*** Input for this task

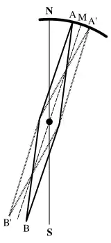 Cette méthode (fig. 10) est une correction nécessaire pour déterminer correctement le méridien magnétique. Les aiguilles aimantées comprennent en fait deux axes : l'un est l'axe de la figure ou son axe de symétrie, par exemple celui qui passe par les pointes (A et B) d'une aiguille en forme de losange ; l'autre est l'axe des pôles de cet objet, c'est-à-dire l'axe qui passe par les deux pôles de l'aimant et qui donc s'aligne avec le méridien magnétique (M). Ces deux axes ne sont pas strictement confondus. On s'affranchit de cette différence en inversant les faces de l'aiguille sur sa suspension. Les positions d'une des pointes de l'aiguille (A et A') sont alors symétriques par rapport à la ligne des pôles. En mesurant la position de l'aiguille sur chacune des faces (A et A'), la moyenne indique la position réelle du méridien magnétique. La déclinaison équivaut à .
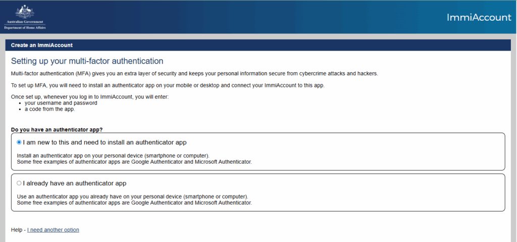 Una vez que se registren o ingresen a su cuenta ya creada, Immi Account les pedirá la autenticación.
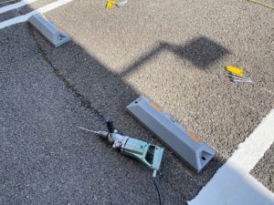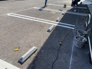 駐車場に白線と輪止めの施工しました。
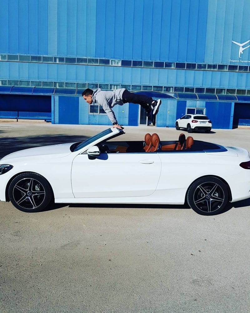 Για παράδειγμα πάνω στο παρμπρίζ μιας πανάκριβης λευκής κάμπριο Mercedes. Ο άρχοντας τον κρίκων, του οποίου χορηγός είναι η Stoiximan.gr , ανέβασε στο προφίλ του στο instagram μια φωτογραφία στην οποία κάνει μια γυμναστική άσκηση πάνω στο αυτοκίνητο!
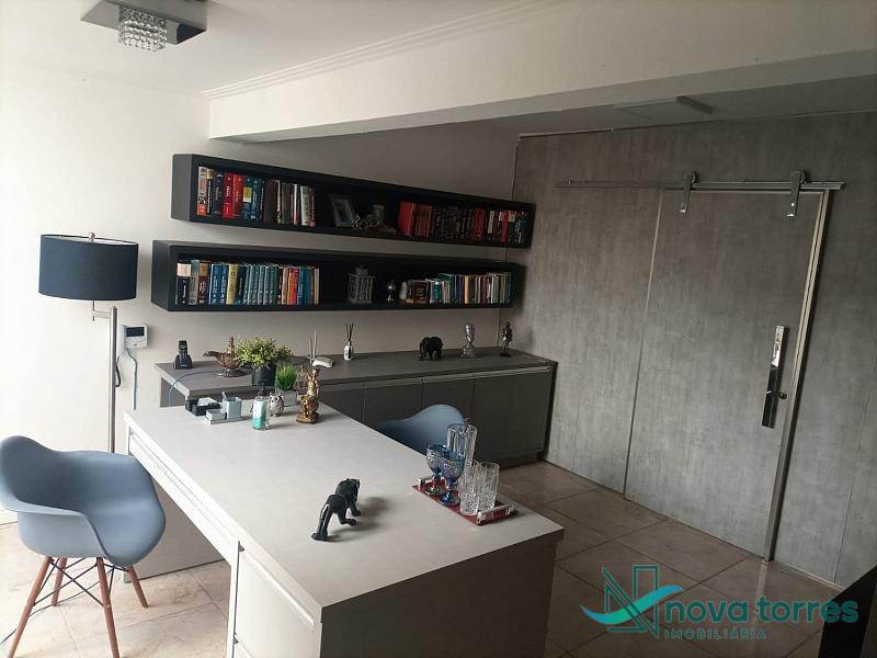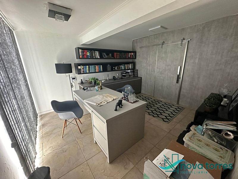 Na parte inferior recém reformada com total troca de cerâmica por porcelanato, contém sala grande com mezanino e lareira, cozinha grande com móveis novos nunca usados, piscina, pátio amplo, garagem para 4 carros ou opção para 2 carros e escritório, churrasqueira, área de serviço grande, jardim de inverno e 2 banheiros.
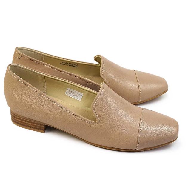 本底の返りの良さにこだわった甲深スリッポン。今までよりもソールの硬度を柔らかくし、もともと返りの良い 半中底ストローベル製法との組み合わせで返りの良さを実現。 その効果で踵がストレスなくついてきます。スクエア木型に、シンプルな一文字の組み合わせ。デザインは定番的ですが、デイリーに使える綺麗めカジュアルシューズです。
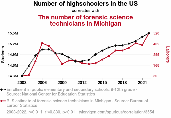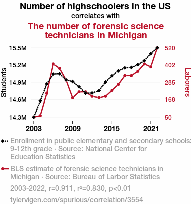 This means 83% of the change in the one variable (i.e., The number of forensic science technicians in Michigan) is predictable based on the change in the other (i.e., Number of highschoolers in the US) over the 20 years from 2003 through 2022.
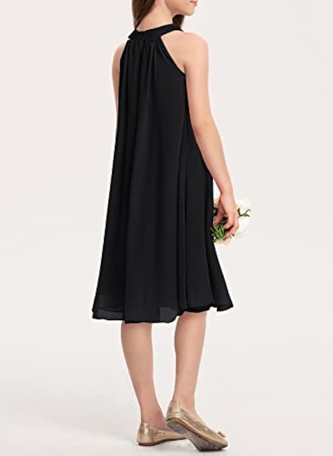 ❤Features: Flowy Chiffon Junior Bridesmaid Dress for girls casual swing style, halter neckline and cold shoulder design, make your girl more attractive.Two layers of the dress, one layer chiffon and one layer lining, knee length,back zipper closure.Little/big girls summer dresses sleeveless clothes for girls
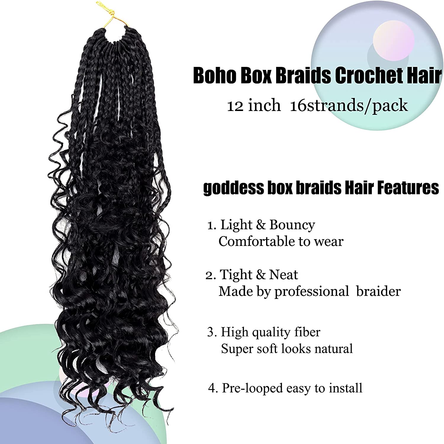 Hair Material: goddess box braids crochet hair are 100% handmade crochet braids, pre-looped and high quality fiber
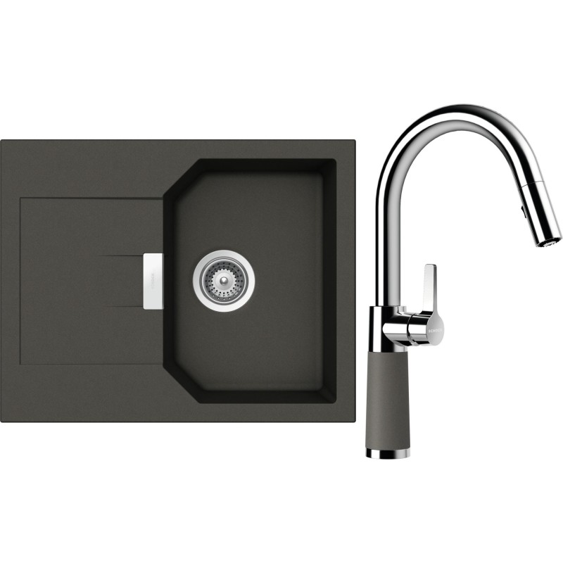Cenově zvýhodněný set dřezu a baterie Schock S18-9 - obsahuje granitový dřez s odkapem Manhattan D-100XS Asphalt a baterii se sprchou SC-520.120 Asphalt.
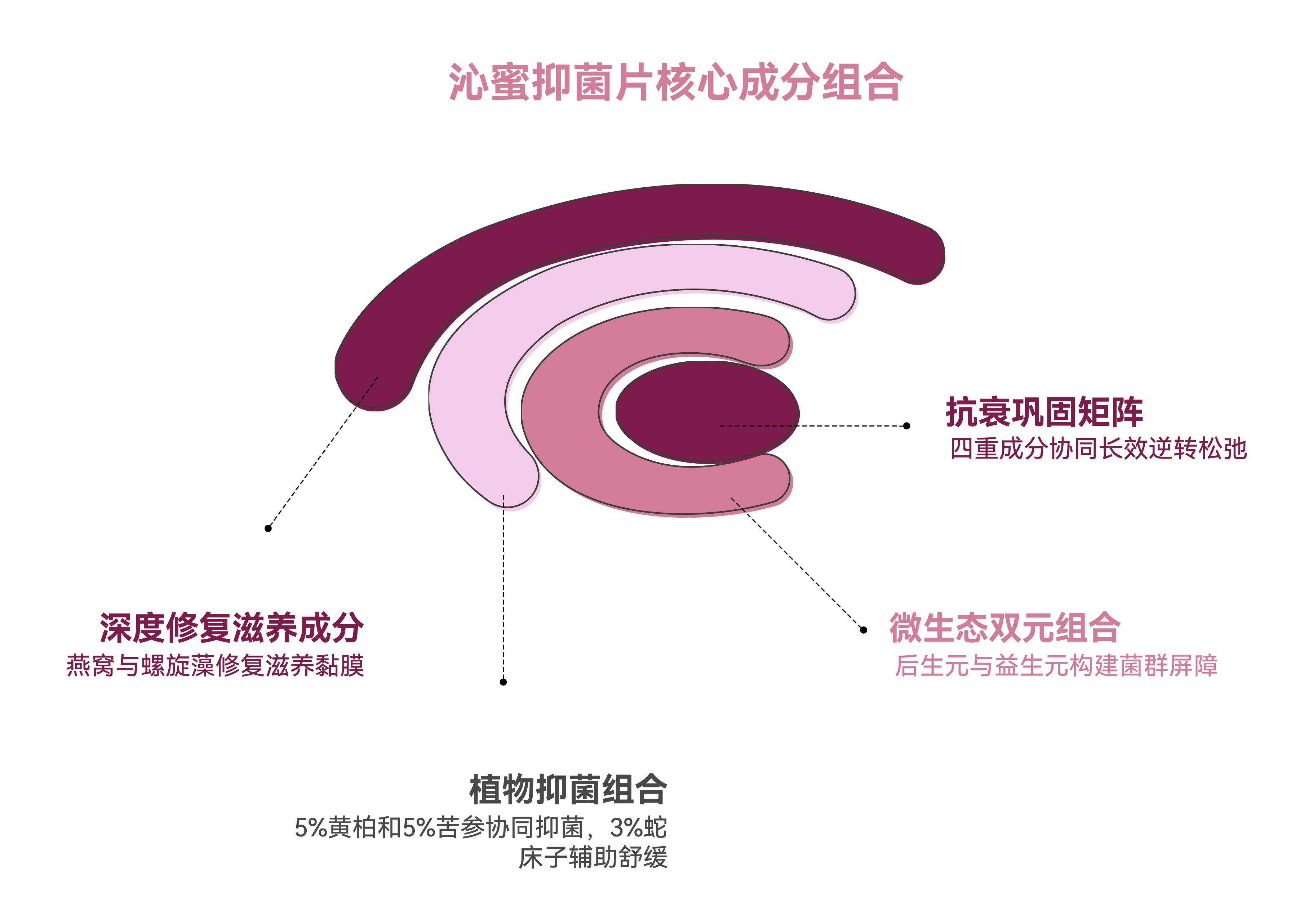 25 + 中国女性的私密养护,早已不止于 “即时舒缓”—— 长期菌群失衡反复、生育后松弛难以逆转、更年期干涩持续困扰,这些深层问题需要 “周期化、精准化” 的深度养护方案。普通抑菌产品仅能短期抑制有害菌,抗衰产品缺乏微生态调节能力,难以兼顾 “抗衰、抑菌、修复” 的核心需求。
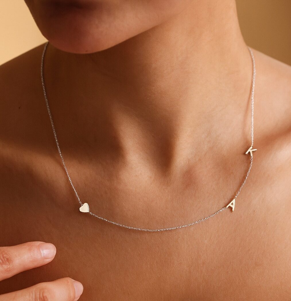 Cadena con dos iniciales de costado y corazรณn.
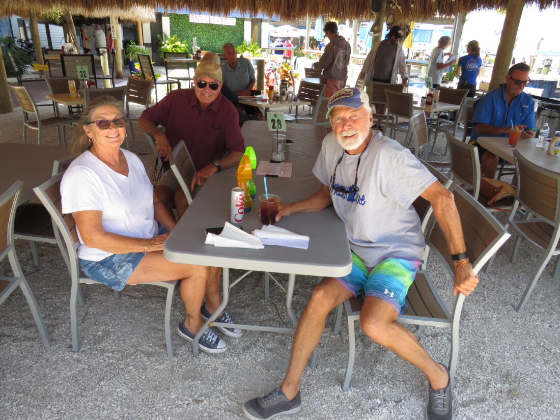 At Cruisers Appreciation Day this past week, Barby was enjoying a cheeseburger and Jeff was digging into some fresh pink Gulf shrimp at Snug Harbor Waterfront Restaurant as part of a complimentary meal organized by the Fort Myers Beach Anchorage Advisory Committee. The committee raised funds from a host of local businesses to support the event, as a way to give back to boaters like the Greenes who stay at the town’s mooring field.
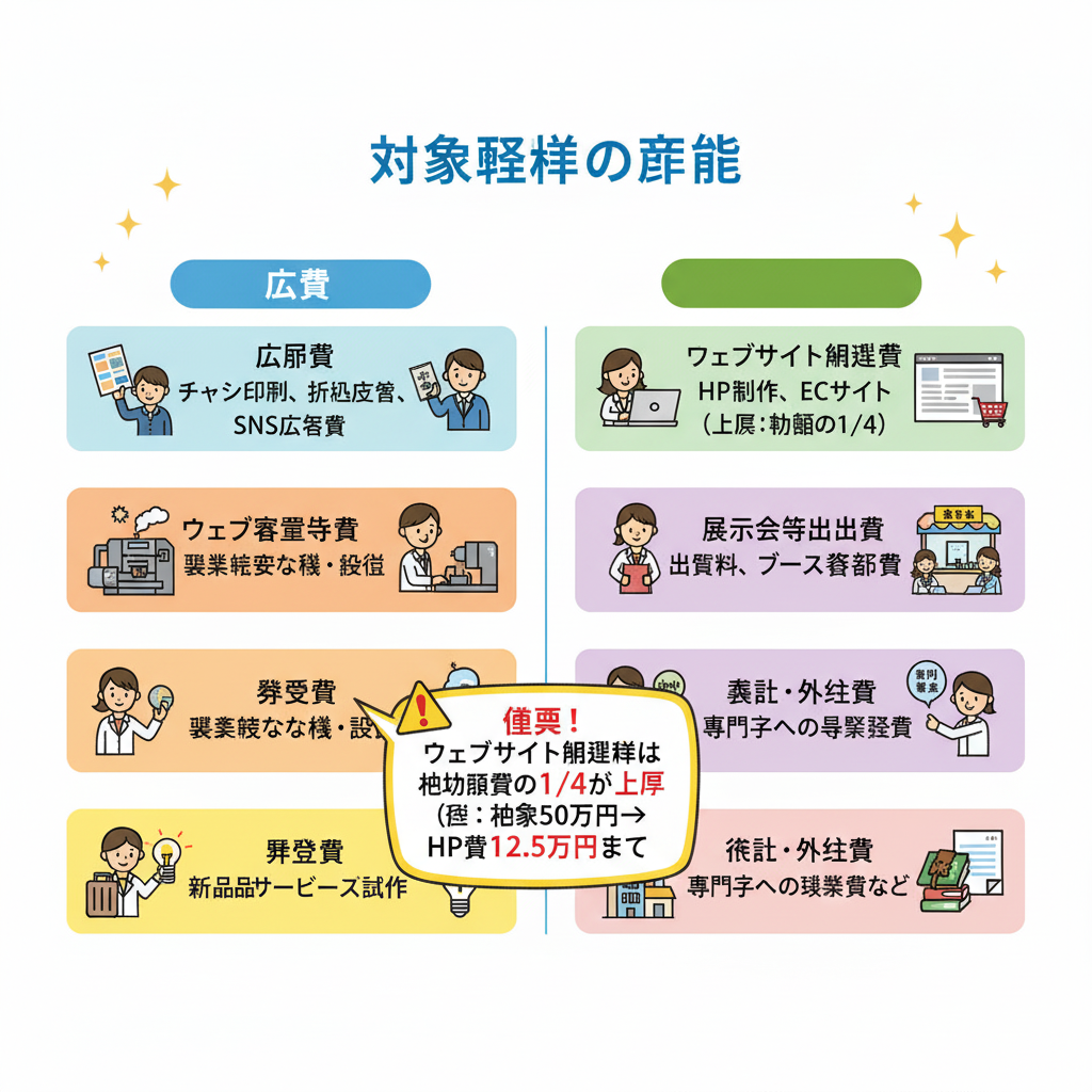 ウェブサイト関連費は補助金全体の1/4が上限です。補助額50万円なら最大12.5万円がHP関連に充てられます。詳しくは → 対象経費ガイド

******

_Exercise goal_
Skip every picture, and restate word for word only the lines above from the line containing "駐車場に白線と輪止めの施工しました。" to the line containing "Hair Material: goddess", both of them included.

_Solution_
 駐車場に白線と輪止めの施工しました。
 Για παράδειγμα πάνω στο παρμπρίζ μιας πανάκριβης λευκής κάμπριο Mercedes. Ο άρχοντας τον κρίκων, του οποίου χορηγός είναι η Stoiximan.gr , ανέβασε στο προφίλ του στο instagram μια φωτογραφία στην οποία κάνει μια γυμναστική άσκηση πάνω στο αυτοκίνητο!
 Na parte inferior recém reformada com total troca de cerâmica por porcelanato, contém sala grande com mezanino e lareira, cozinha grande com móveis novos nunca usados, piscina, pátio amplo, garagem para 4 carros ou opção para 2 carros e escritório, churrasqueira, área de serviço grande, jardim de inverno e 2 banheiros.
 本底の返りの良さにこだわった甲深スリッポン。今までよりもソールの硬度を柔らかくし、もともと返りの良い 半中底ストローベル製法との組み合わせで返りの良さを実現。 その効果で踵がストレスなくついてきます。スクエア木型に、シンプルな一文字の組み合わせ。デザインは定番的ですが、デイリーに使える綺麗めカジュアルシューズです。
 This means 83% of the change in the one variable (i.e., The number of forensic science technicians in Michigan) is predictable based on the change in the other (i.e., Number of highschoolers in the US) over the 20 years from 2003 through 2022.
 ❤Features: Flowy Chiffon Junior Bridesmaid Dress for girls casual swing style, halter neckline and cold shoulder design, make your girl more attractive.Two layers of the dress, one layer chiffon and one layer lining, knee length,back zipper closure.Little/big girls summer dresses sleeveless clothes for girls
 Hair Material: goddess box braids crochet hair are 100% handmade crochet braids, pre-looped and high quality fiber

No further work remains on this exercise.